A: I am so sorry you're having such a hard time. And I wasn't at all thinking four months is no big deal. For a first relationship when you fall in "love" it most certainly can be. Though I can tell you that not all first loves are the hardest. Actually, each one can have just as much an impact as another. Trust me! Don't let that scare you though. I have had my heart broken more times than I care to count. But I have grown so much because of each and every one. And you will too! The first thing you need to do is stop pushing away family, friends, and new people. These are the people who are going to be there for you. They can be your pillars of strength. Now, you've cried enough.
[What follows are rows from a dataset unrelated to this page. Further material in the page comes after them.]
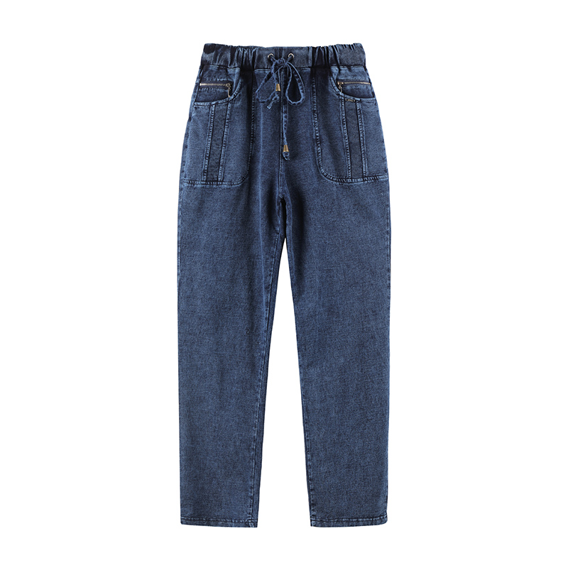 LIH HUA Women's Plus Size Jeans Autumn High Stretch Cotton Knitted Denim Trousers Casual Soft Jeans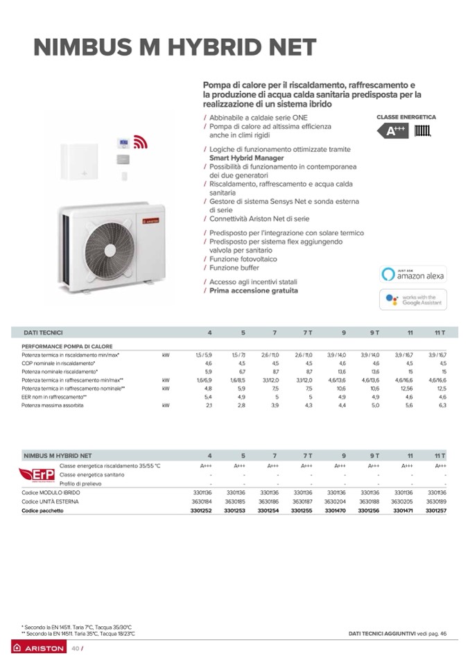 DATI TECNICI AGGIUNTIVI vedi pag. 46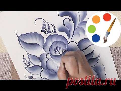 Painting Gzhel with an acrylic paint and a flat brush, irishkalia
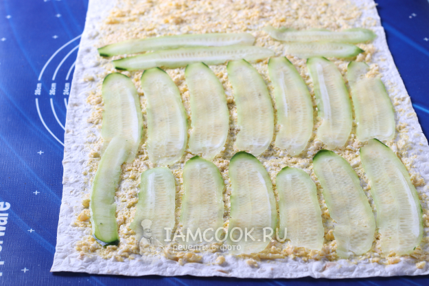 На столе разложить один лист лаваша, смазать его половиной смеси. С одного края разложить ленты огурцов.
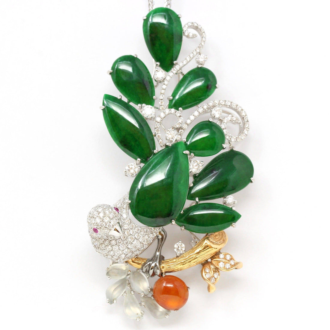 Baikalla Jewelry 18k Gold Jadeite Necklace "Bird on A Tree" Baikalla Jewelry Signature Neck-piece Brooch Necklace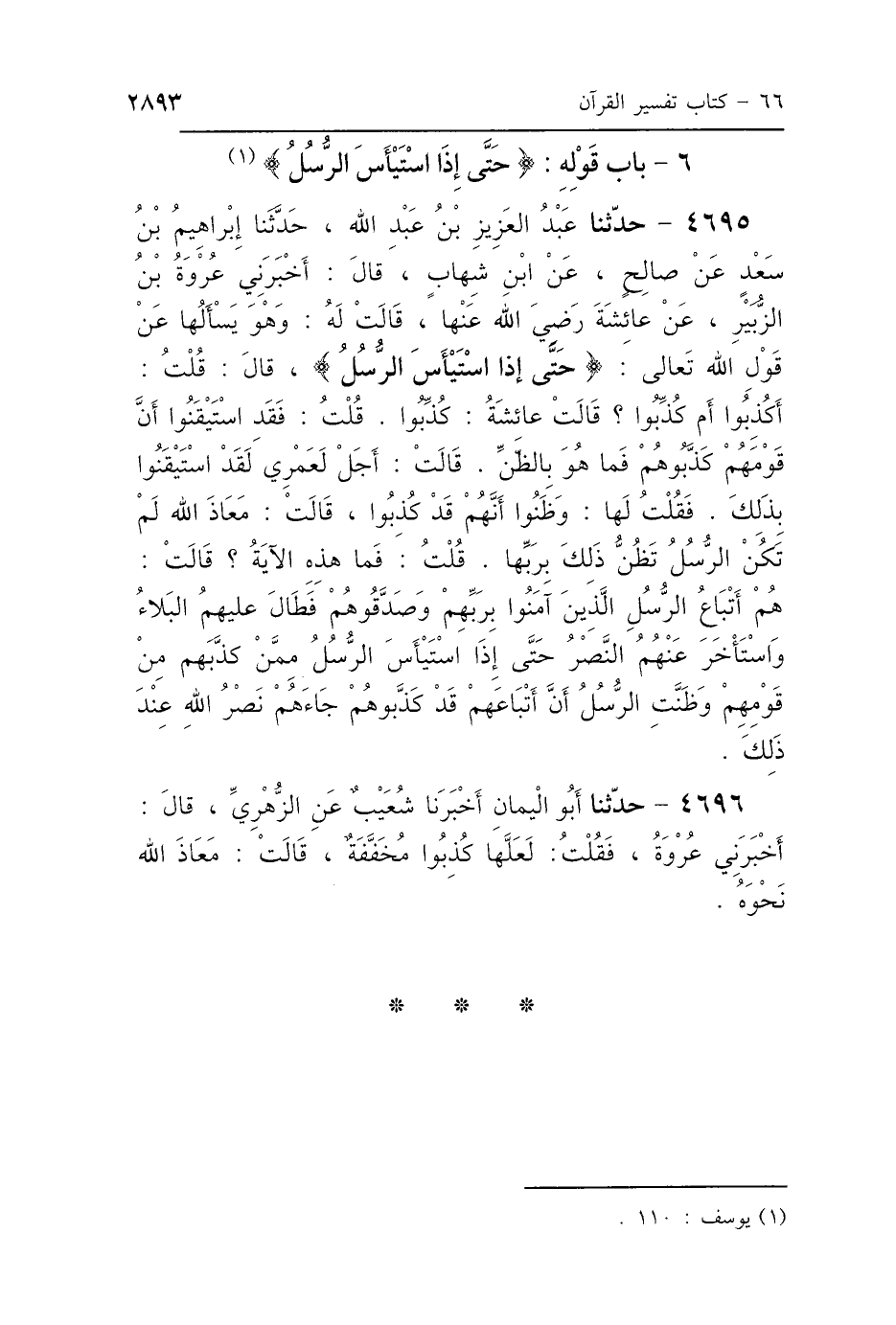 4695 - حَدَّثَنَا عَبْدُ العَزِيزِ بْنُ عَبْدِ اللَّهِ، حَدَّثَنَا إِبْرَاهِيمُ بْنُ سَعْدٍ، عَنْ صَالِحٍ، عَنِ ابْنِ شِهَابٍ، قَالَ: أَخْبَرَنِي عُرْوَةُ بْنُ الزُّبَيْرِ، عَنْ عَائِشَةَ رَضِيَ اللَّهُ عَنْهَا، قَالَتْ لَهُ وَهُوَ يَسْأَلُهَا عَنْ قَوْلِ اللَّهِ تَعَالَى: {حَتَّى إِذَا اسْتَيْأَسَ الرُّسُلُ} [يوسف: 110] قَالَ: قُلْتُ: أَكُذِبُوا أَمْ كُذِّبُوا؟ قَالَتْ عَائِشَةُ: «كُذِّبُوا» قُلْتُ: فَقَدِ اسْتَيْقَنُوا أَنَّ قَوْمَهُمْ كَذَّبُوهُمْ فَمَا هُوَ بِالظَّنِّ؟ قَالَتْ: «أَجَلْ لَعَمْرِي لَقَدِ اسْتَيْقَنُوا بِذَلِكَ» فَقُلْتُ لَهَا: وَظَنُّوا أَنَّهُمْ قَدْ كُذِبُوا، قَالَتْ: «مَعَاذَ اللَّهِ لَمْ تَكُنِ الرُّسُلُ تَظُنُّ ذَلِكَ بِرَبِّهَا» قُلْتُ: فَمَا هَذِهِ الآيَةُ؟ قَالَتْ: «هُمْ أَتْبَاعُ الرُّسُلِ الَّذِينَ آمَنُوا بِرَبِّهِمْ، وَصَدَّقُوهُمْ فَطَالَ عَلَيْهِمُ البَلاَءُ، وَاسْتَأْخَرَ عَنْهُمُ النَّصْرُ حَتَّى إِذَا اسْتَيْأَسَ الرُّسُلُ مِمَّنْ كَذَّبَهُمْ مِنْ قَوْمِهِمْ، وَظَنَّتِ الرُّسُلُ أَنَّ أَتْبَاعَهُمْ قَدْ كَذَّبُوهُمْ، جَاءَهُمْ نَصْرُ اللَّهِ عِنْدَ ذَلِكَ».

It's time to wipe your face, throw some water on it, and look at that handsome face in the mirror and tell yourself you are going to be ok!

You recognized this girl was treating you badly and you even say you felt you deserved better, yet you continued to chase after her. Only then to be dumped and take her back to be dumped again. There is a lesson to learn from this experience. There is a lesson to learn in every experience! Just make sure you don't repeat the same pattern in the future.



Let me tell you, true love is a wonderful experience. However, sometimes we have to have our heart broken in order to truly appreciate it when we find it. And it really sucks but sometimes, people will rip our heart out of our chest and spit on it before it hits the floor. You're so very young and you have so much more to experience! You don't want this girl back. She's not good enough for you. The right girl will come along one day and she will treat you the way you deserve to be treated. When you do find true love, it won't require you to chase it. Dust yourself off and stop crying over someone who isn't thinking twice about you. You deserve so much more than that! It gets easier sweetie, but you have to make an effort and find the strength within yourself.
 

Comments

Unassumer

treat 'em like crap and they'll keep comin' back.